ProteinIQ
PepMLM icon

PepMLM

Target sequence-conditioned peptide binder design using masked language modeling

What is PepMLM?

PepMLM is a de novo peptide binder design tool that generates linear peptide sequences predicted to bind specific target proteins. Developed by the Chatterjee Lab and published in Nature Biotechnology in 2025, PepMLM employs a target sequence-conditioned masked language modeling approach built on ESM-2, a state-of-the-art protein language model.

Unlike structure-based design methods that require 3D coordinates of the target protein, PepMLM operates exclusively from amino acid sequences. The model positions peptide binders at the C-terminus of target proteins and reconstructs the binder region through span masking, enabling generative design of candidate binders to any target protein without structural information.

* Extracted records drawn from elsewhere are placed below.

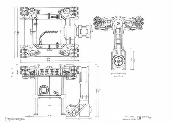 History:The lifter is designed for rescue missions as well as for cargo transportation. The ship is built of a rectangular steel frame structure connected to a rotating arm. The steel frame bears 4 identical engines located in each corner which provide propulsion along the ships horizontal level and thrusters for landing manouvers. Adjacent to the engine we find fuel tanks, reactors and force-field generators. The arm bears a self supporting habitat , an elevator to the steel frame and the rotation axis. The arm has to be rotated upside when the lifter is landed or if large cargo containers would block the pilot's view. The habitat is always rotated according to the arms movement, so that the floor is parallel to the ships axis or, if desired, perpendicular to the gravitational vector of a planet or ship. For means of moving the cargo an extendable frame with manipulator arms and search lights is used, that can be lowered from the still hovering ship down to a surface. Large cargo could be locked within the lowered frame and the ships main frame in some kind of a cage. The life habitat can also serve as life vessel, for it has limited manouvering capabilities. |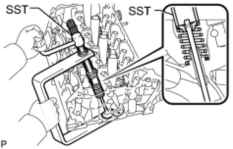 (b) Using SST, push in the intake and exhaust valve oil seals.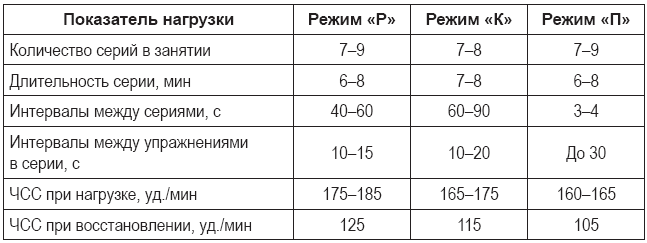 Для полной нагрузки рекомендуется 7 серий, а щадящий режим – 3–4 серии упражнений. Для организации тренировки в режиме «Р» необходима высокая интенсивность упражнений, соревновательный метод. Режим «К» строится с привлечением технико-тактических упражнений и специально-подготовительных средств. В режиме «П» совершенствуется технико-тактическое мастерство.
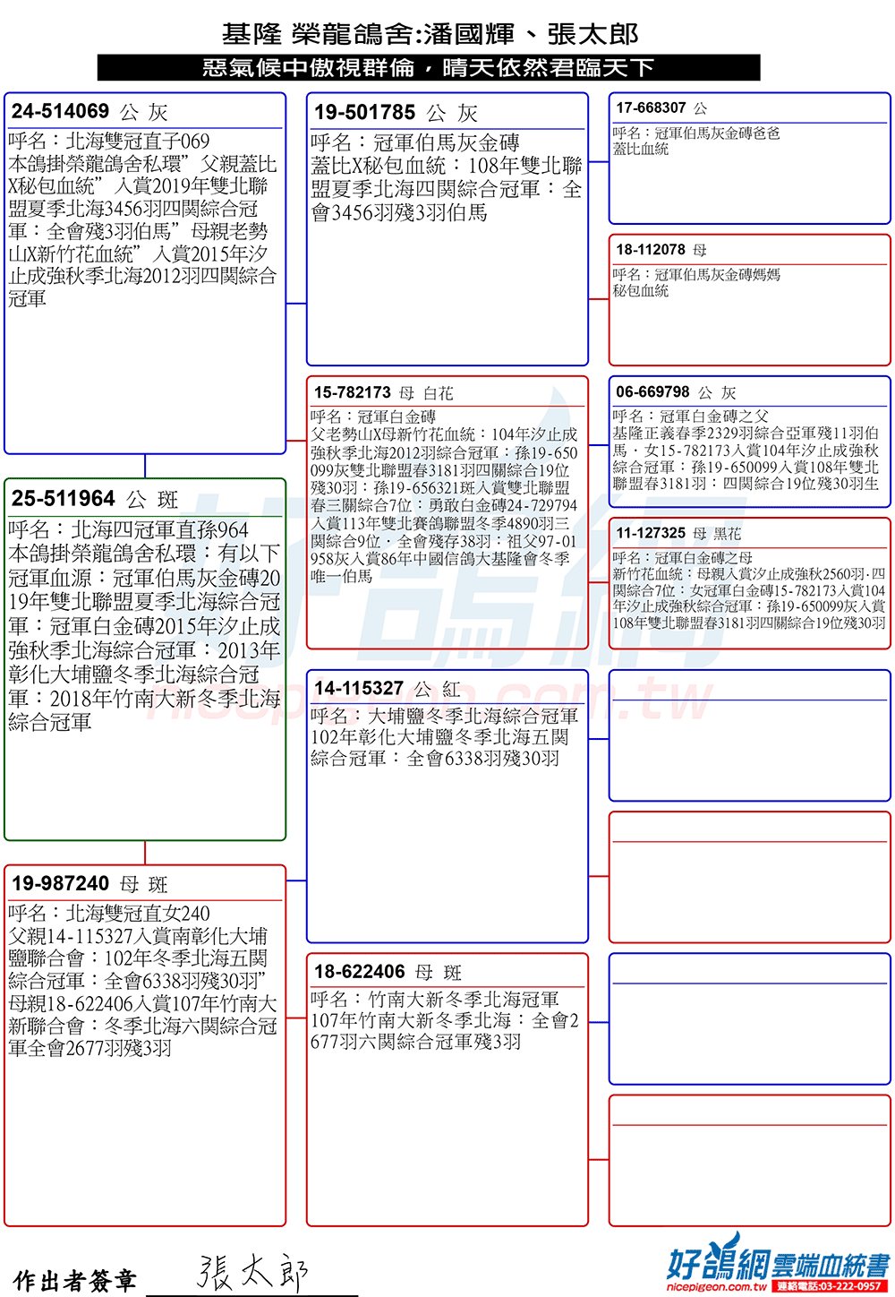 ▲外祖母:18-622406冬季苗栗大新2677羽六關綜合冠軍(殘3羽)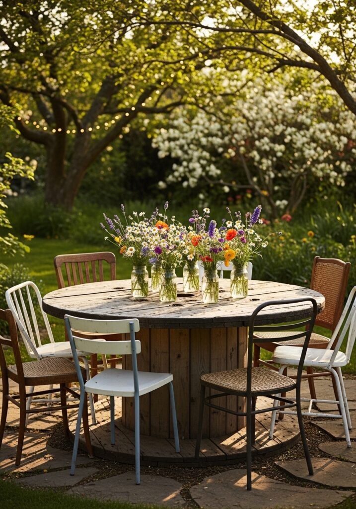 Add mismatched chairs, stools, or hay bales around the spool table for eclectic, casual outdoor dining. Centerpiece it with a mason jar flower arrangement and candles for a complete rustic tablescape. This is one of those satisfying garden ideas that gives discarded industrial materials a beautiful second life in your outdoor entertaining space.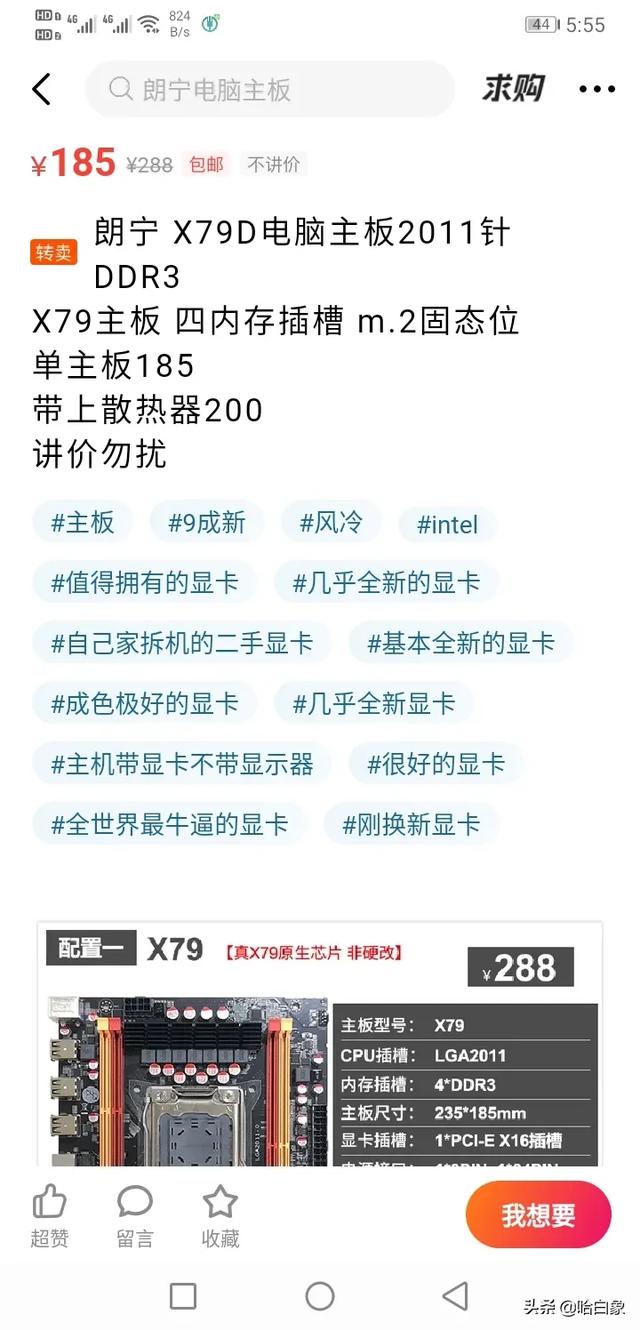 ✔主板选择山寨x79,一说寨板大家可能又要说不稳定啥的,本人组装过10+台x79电脑,并没有任何主板问题,有讨论寨板x79稳定性的也麻烦使用过再评论,二手价格185元。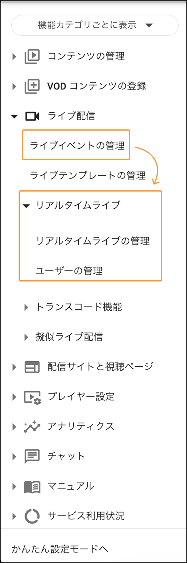リアルタイムライブに参加するユーザーの作成、編集、削除、およびグループの管理ができます。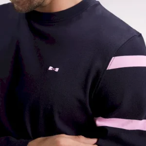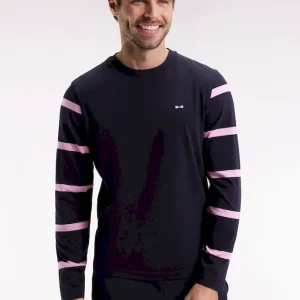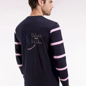T-shirt à manches longues en coton marine à manches rayées

PepMLM was experimentally validated through binding assays and targeted protein degradation studies, demonstrating efficacy against cancer biomarkers, viral phosphoproteins, and Huntington's disease-related proteins.

How to use PepMLM online

ProteinIQ provides a web-based interface for running PepMLM without command-line installation or GPU configuration. Paste or upload target protein sequences, adjust generation parameters, and receive ranked peptide binder candidates with confidence scores.

Inputs

InputDescription
Target Protein Sequence(s)Amino acid sequence of the target protein. Accepts FASTA format, raw text sequences, or UniProt IDs. Multiple targets can be processed in a single job (batch mode). Maximum 50 sequences per job.

Settings

Generation parameters

SettingDescription
Peptide lengthLength of generated binders in amino acids (5–30, default 15). Therapeutic peptides typically range 10–20 residues. Shorter peptides (5–10) offer better cell penetration but may have lower binding affinity. Longer peptides (20–30) may achieve stronger binding but require more complex synthesis.
Binders per targetNumber of candidate peptides to generate for each target sequence (1–20, default 4). Higher values provide greater sequence diversity but increase computation time.
Top-k samplingRestricts sampling to the top kk most probable amino acids at each position (1–10, default 3). Lower values (1–2) produce conservative, high-confidence designs. Higher values (5–10) increase sequence diversity by exploring more of the probability distribution.

Results

The output presents a ranked table of peptide binder candidates with confidence metrics.

ColumnDescription
BinderDesigned peptide sequence in single-letter amino acid code. Sequences may contain X (any amino acid) at positions where the model assigns similar probabilities to multiple residues.
Pseudo PerplexityLanguage model confidence score for the generated sequence. Lower values indicate higher model confidence. Typical values range from 10–40, with scores below 20 representing high-confidence predictions.
Input SequenceTarget protein sequence (truncated to 50 characters). Only displayed when processing multiple targets in batch mode.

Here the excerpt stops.